I have calmed down now…though it took several hours. I’m getting ready to leave to go out to dinner. It’ll be fine. Napoleon will be fine. My mushrooms will be fine. My husband has offered to go to the grocery store tomorrow while I’m doing training, so I can come home and make mushroom soup. He also offered to go out on a walk with me later this evening with Napoleon (if it’s not too cold), otherwise, we’ll play hide ‘n seek with him when we get back. This is a big deal since he doesn’t like taking care of our animals.

… *breathe*… Just try to breathe. I feel a panic attack coming. I’m trying so hard to keep it together. WHY?? I just want to sit in a dark corner and cry…and eat my mushroom soup.

Overwhelmed

It seems the harder I try to make a difference in the dog training world, the more depressed I get. I have so much to learn, it feels like I am drowning in all the knowledge. I think I get ahead of the game by reading a bunch of training books, taking notes, watching seminars, going to social class on Saturday.  Then, I get one little piece of advice from another trainer. One sentence on a dog I have been working on, that’s all it takes. My whole world comes crashing down onto me. I failed…again.
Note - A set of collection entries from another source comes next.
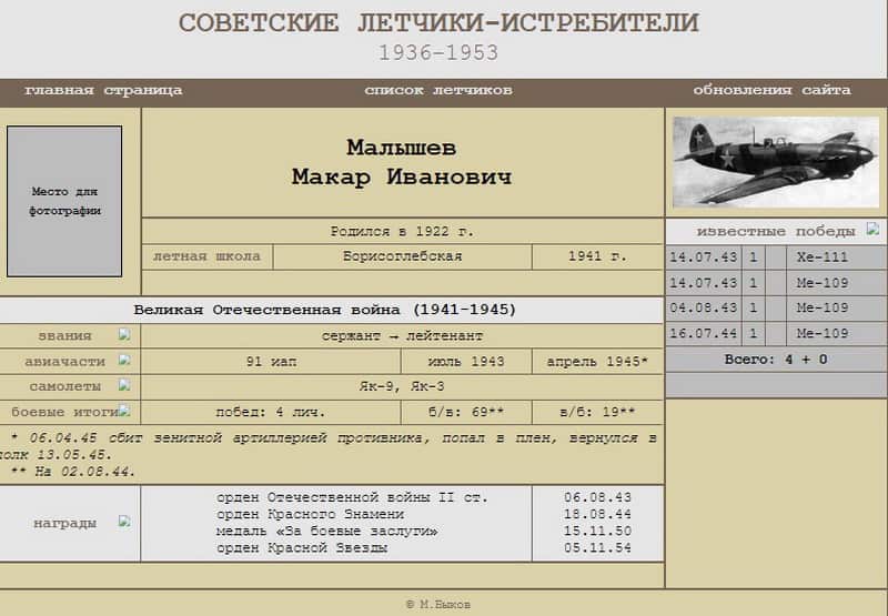 «...Доложили командиру, который решил отправить на штурмовку составов пару — Толю Малышева [Малышев Макар Иванович, лейтенант. Воевал в составе 91-го иап. Всего за время участия в боевых действиях в воздушных боях лично сбил 6 самолетов противника] с Витькой Альфонским. Мы им все рассказали. Подходит Малышев к своему самолету и как-то странно себя ведет. Я ему говорю: «Что ты, Толя?» — «Я что-то чувствую. Знаешь, вспомнилось, как горел на Курской дуге». Я ему говорю: «Толя, брось ты! Ни пуха тебе, ни пера!». Полетели они на своих Як-3. Час проходит. Погода становится все хуже и хуже. Через некоторое время раздался гул мотора, и один «як» пошел на посадку. Вернулся Альфонский. От него мы узнали, что пошли они по нашему маршруту на железнодорожный узел. Знали от нас, что там не стреляют. Первый заход сделали под углом к составам, чтобы как можно дольше быть над целью. Стали уходить — все, что могло с земли стрелять, все по ним открыло огонь. Малышеву снаряд попал в распределительный бачок. Альфонский говорил, что видел, как от его самолета пошли белые, а затем черные струи. Толя стал задыхаться, фонарь открыл. (Летали ведь с закрытым фонарем. Приучались к этому. К слову, приучаться приходилось и к рации, ведь поначалу ими не пользовались. Когда ввели звания: летчик-радист 3-го класса, 2-го, 1-го, летчик-радист-мастер, за которые доплачивали, стали ими пользоваться). И вот Толя фонарь открыл. А надо сказать еще, что мы летали в немецких сеточках. Мы их под Бригом захватили. А то ведь в наших шлемофонах голова потеет и волосы выпадают. Даже шелковые подшлемники не спасали. Пламя перекинулось Малышеву на голову. Альфонский ему кричал: «Толька, тяни!!!» Километров 15 до линии фронта оставалось, а высота метров 900. Но, видимо, сил терпеть у него уже не было. Он перевернул самолет и выбросился. Метров 500 до своих не дотянул. Попал в плен и вернулся в полк 13 мая.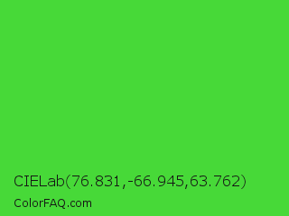 CIELab 76.831,-66.945,63.762 Color is a normal green color and the nearest color is Lime Green #32cd32. Hex code #47d938 and RGB value is rgb(71,217,56). In RGB color space, this color is composed of 28% red, 85% green, 22% blue, In CMYK color space, this color is composed of 67% cyan, 0% magenta, 74% yellow , 15% black , In HSL color space, this color has a hue angle of 114° , 68% saturation and 54% lightness.
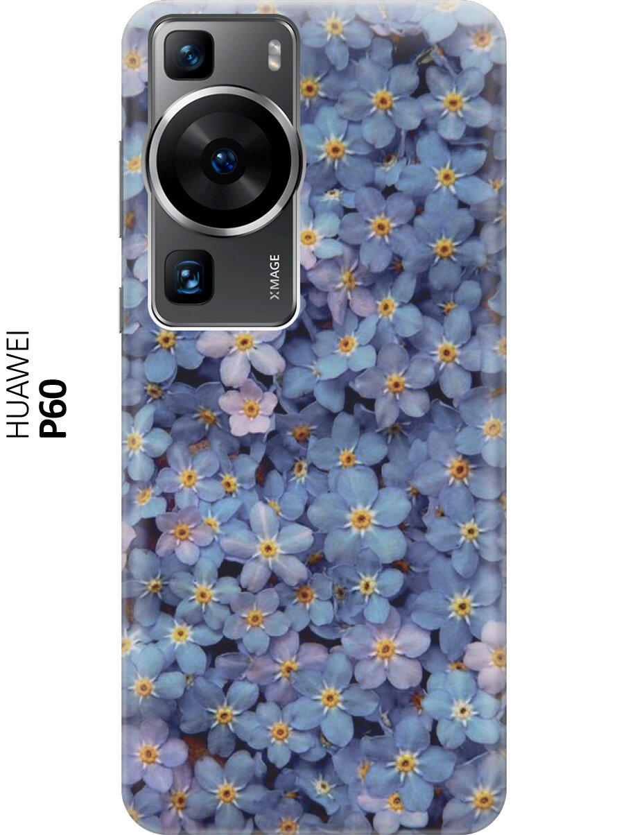 10 цен на Силиконовый чехол на Huawei P60, Хуавей П60 с принтом "Голубые фиалки"

I work and learn, and practice, and then execute on others’ dogs, and then I do see improvement within a week or so. More importantly, the client sees it. I’m thanked, and I’m happy with myself. This tiny moment makes me happy. I’m proud of the accomplishment the client and dog have made. And then I explain to another trainer what I have done. And instead of saying, ‘Wow, you made great progress’, they say something like, ‘Well, you should have been progress within a few minutes’. My hopes, dreams, and all the work I have done … crushed. *Poof*. Gone. And I’m back in my place of feeling worthless and unimportant.
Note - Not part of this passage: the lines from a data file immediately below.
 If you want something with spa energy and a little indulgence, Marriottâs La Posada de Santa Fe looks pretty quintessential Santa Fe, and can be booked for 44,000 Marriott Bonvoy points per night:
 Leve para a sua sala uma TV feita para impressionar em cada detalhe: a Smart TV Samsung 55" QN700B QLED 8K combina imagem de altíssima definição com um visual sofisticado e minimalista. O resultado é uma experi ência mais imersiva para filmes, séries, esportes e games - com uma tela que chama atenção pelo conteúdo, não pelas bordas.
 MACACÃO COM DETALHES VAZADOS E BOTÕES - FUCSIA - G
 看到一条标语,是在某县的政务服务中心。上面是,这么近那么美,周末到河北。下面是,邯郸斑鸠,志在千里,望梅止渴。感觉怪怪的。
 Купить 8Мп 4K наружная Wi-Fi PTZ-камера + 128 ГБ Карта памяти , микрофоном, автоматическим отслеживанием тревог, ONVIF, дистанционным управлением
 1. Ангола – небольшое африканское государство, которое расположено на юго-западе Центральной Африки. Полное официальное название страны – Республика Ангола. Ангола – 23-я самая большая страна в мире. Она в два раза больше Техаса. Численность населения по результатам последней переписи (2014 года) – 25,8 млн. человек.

After this happens, I’m swallowed again by the darkness and I feel small and the world would be better without me. I’m a waste of resources. There are better trainers out there, why does the world need me? I get myself all worked up feeling this way, usually crying the rest of the day, and feeling like I want to throw up. This makes my husband angry, and usually we end up fighting. I understand he doesn’t want me to pity myself and to ‘get back up on that horse’. It’s not his fault, I know – he just doesn’t like to see me sad. But I’m always sad on the inside. I just wear my happy mask and try to pretend while I am around people.

I JUST WANT TO BE GREAT! And I have always been willing to put in the effort. I study almost every day, I try to network with other trainers, I try to figure out my next steps. I don’t want a miracle, or just to magically become an awesome trainer. I enjoy learning about different techniques and methods, and I want to learn from other trainers. I want to breathe dog training. This is so much fun for me… but I don’t know if I can make it in the real world. It seems every single force there is, is trying to stop me.
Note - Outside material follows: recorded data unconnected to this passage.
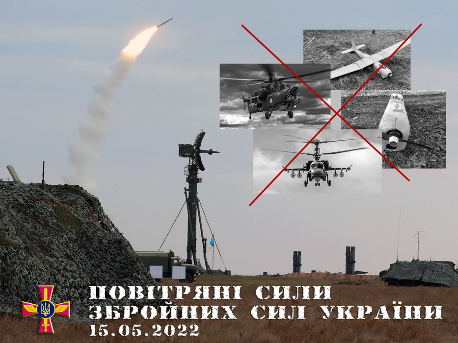Протягом 15 травня, Зенітні ракетні війська Повітряних Сил збили дві крилаті ракети, три БпЛА "Орлан-10" та вертоліт Ка-52.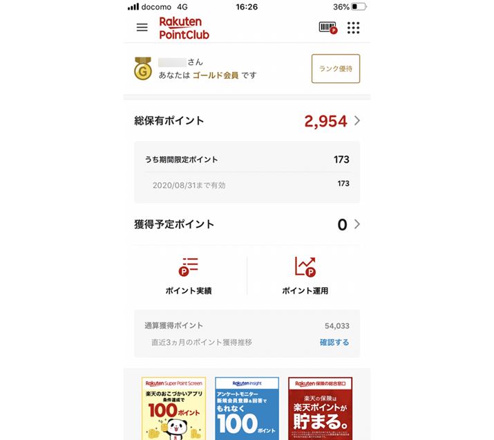 楽天ポイントクラブアプリのトップ画面。画面右下の「ポイント運用」からサービスに入れます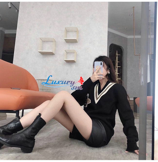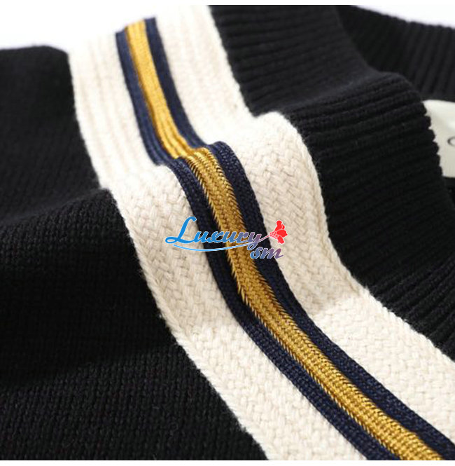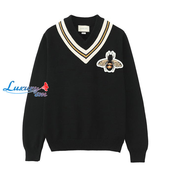 GUCCI-091315 구찌 블랙 꿀벌 아플리케 장식 V넥 스웨터 남여공용

Why do I continue? It’s easier to just give up. To just be a follower, don’t even try. I can’t face the rejection. Why?

Because this is what I want. And I want to put in the time and effort to make it. I love doing it, and it gives me a few moments of happiness. Those few moments are enough for me to get up, take the ‘abuse’ as I like to call it. The world is abusing me. . . and I just have to take it. I have no other choice.